Para o azar do primeiro cavaleiro selecionado, Fumaresia faz churrasco e bate em retirada do castelo. E se o amor, por mais que momentâneo e carnal como o de Nyra e Mysaria, está no ar, o dragão anteriormente montado por Laenor sente o mesmo. Tão solitária quanto os humanos que o resguardam, a besta alada perambula e chega onde deseja: de frente a Addam, o bastardo Velaryon que, pela primeira vez na série, é ele mesmo domado pelo monstro.
A conexão dos Targaryen (e por extensão, dos Velaryon) com os dragões sempre foi sublinhada, mas nunca mostrada à luz da magia e do vínculo quase que sobrenatural que nasce no momento do encontro.
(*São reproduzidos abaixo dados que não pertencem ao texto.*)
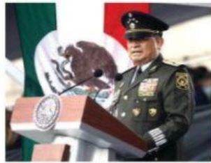
EL TITULAR de la Defensa, ayer.

EL GENERAL Sandoval refrenda lealtad "inquebrantable" al pueblo en el 112 aniversario de la Revolución. pág. 3
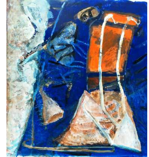
Haken mit Rückseite Mischtechnik auf Papier, 1999 30x27cm
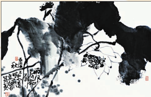
▲徐若鴻作品《西風塑荷》，2015年，68x45cm
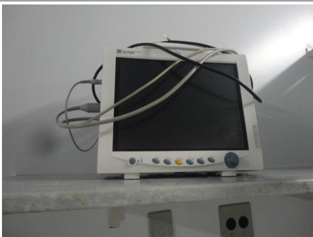
Monitor cardíaco estragado por falta de cabos
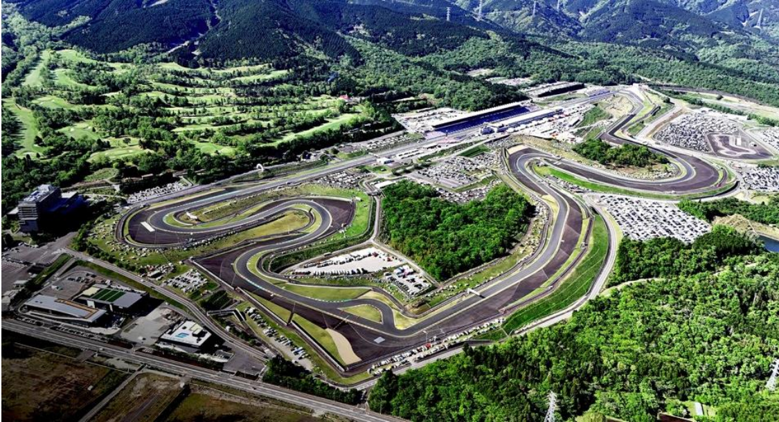
富士スピードウェイ (1966 年開業)
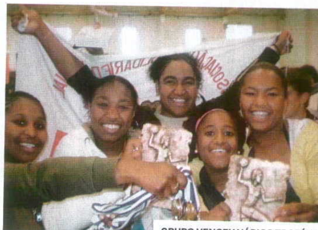
GRUPO VENCEU VÁRIOS TROFÉUS

participando em campeonatos a nível regional e nacional e, com os resultados alcançados, chegámos às competições europeias”, recorda.

A morte de Rhaenys e de Meleys, unidas no olhar e no senso de dever cumprido – e adicionada à abertura, apontou para o futuro mais místico de House of the Dragon, também curvada aos ideais mais obscuros de Harrenhal.
O elefante branco na série medieval, o arco de Daemon no castelo furado é o ponto de fricção para o roteiro do criador Ryan Condal. Para a sexta semana de exibição, quem assume o texto é a talentosa Eileen Shim, escriba do capítulo oito da temporada passada, marcado pela caminhada fúnebre de Viserys ao Trono e sua eventual morte. Ela se mostra hábil no menor dos movimentos estratégicos, e traz de volta Paddy Considine nas alucinações do irmão.
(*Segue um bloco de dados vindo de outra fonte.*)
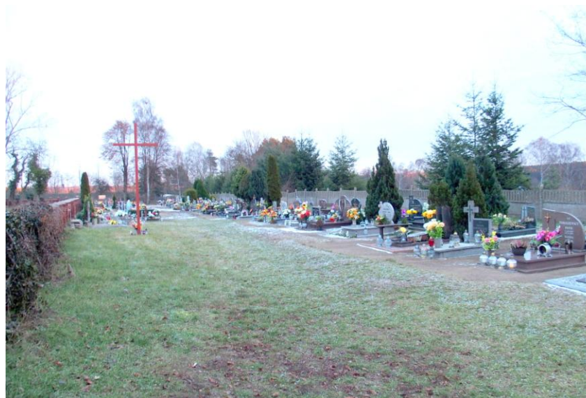
Widok od północnego - zachodu
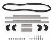
iM2306-BEZEL-LID Trousse de cadre de couvercle
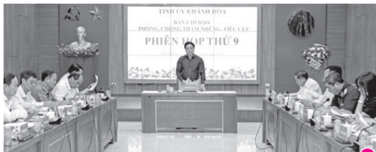
● Quang cảnh phiên họp.

BAN CHỈ ĐẠO PHÒNG, CHỐNG THAM NHŨNG, TIÊU CỰC TỈNH: Họp phiên thứ 9
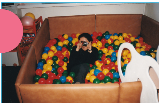
Rėmėjų dovana - burbulai, sensoriniam kambariui Druskininkų „Saulutė“ sanatorijoje
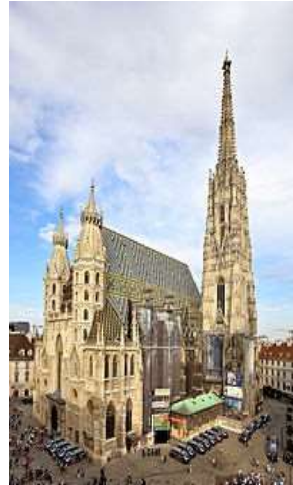
Katedrala sv. Stjepana

Depois de ser atormentado pela criança que decapitou, pela sobrinha que contaminou, pela mãe que o abandonou e pelo sobrinho que falhou em matar, Daemon encara o maior e mais temido de seus pecados: a figura enlutada do Rei, que lamenta a morte da esposa e do bebê, Herdeiro por um Dia. Por mais que a manobra de conversar com fantasmas seja truque barato para roteiro em crise de consciência, o que Smallfolk traz de novidade ao tropo é justamente o ponto de ebulição do guerreiro.
Farto das visões e das desculpas dadas por Simon Strong, Daemon quer partir nas costas de Caraxes. O plano morre nas palavras de Alys Rivers, a bruxa que conjura bons ventos e alimenta a natureza com os sussurros de suas ações. Ela adianta o futuro sorridente para a aliança com os Tully, e Daemon de nada desconfia. Sua fome de poder, e desejo alucinante de sentar-se, enfim, no Trono de Ferro, faz da cisão com Rhaenyra o único embate ideológico da série.
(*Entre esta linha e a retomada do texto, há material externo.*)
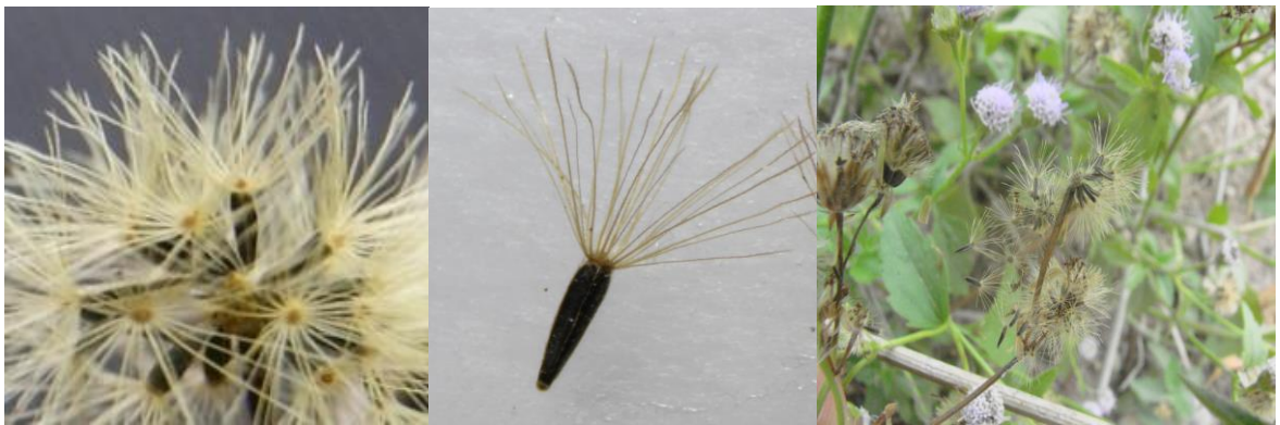
ภาพที่ 2. ลักษณะของเมล็ดสาบม่วง

Afinal, o modo como filmam e telegrafam os Verdes manda embora qualquer senso de empatia ou relação afetiva. Restou jogar Daemon para o lado cinzento da coisa toda, e fazer do aliado inicial de Rhaenyra um adversário formidável. Pelo menos, em teoria. O inimigo real, à esta altura deitado moribundo em meio a queimaduras e leite de papoula, recebe visitas indesejadas.
Aemond beija o irmão com a mesma intenção que Judas o fez aos pés da cruz, enquanto uma afoita Alicent prega pela união tardia da família. Demitida do posto de conselheira, encontra na religião o resquício de identidade. Leva Helaena ao Septo, mas encontra hostilidade e violência. Ganha um corte no braço, localizado na mesma posição e ângulo que rasgou a pele de Rhaenyra no incidente com Aemond e Luke.
É tudo tão trágico e inerente ao arco de Alicent, a garota obrigada a parir os filhos de um Rei fadado à cólera. A mãe incapaz de impedir que o veneno escorresse por entre a linhagem. A irmã desiludida, que encontra paz na certeza que, distante da Fortaleza Vermelha e da mão invisível da Coroa, o caçula Daeron cresceu benévolo e gentil. Não há destino pior do que uma jornada completa de infelicidade e devastação.
O beijo que Rhaenyra trocou com Mysaria, nascido do improviso e ideia de Emma D’Arcy, relembra o passado real e o futuro hipotético que a Rainha viveu com Alicent. A amizade de anos que transportava a dupla para o mais ideal dos Olimpos, com risos à beça, destino de conto de fadas e a dragão Syrax como protetora de um amor impossível mas real. A página que a Verde rasgou e endereçou à Preta marcou uma cisão imaterial para ambas partes.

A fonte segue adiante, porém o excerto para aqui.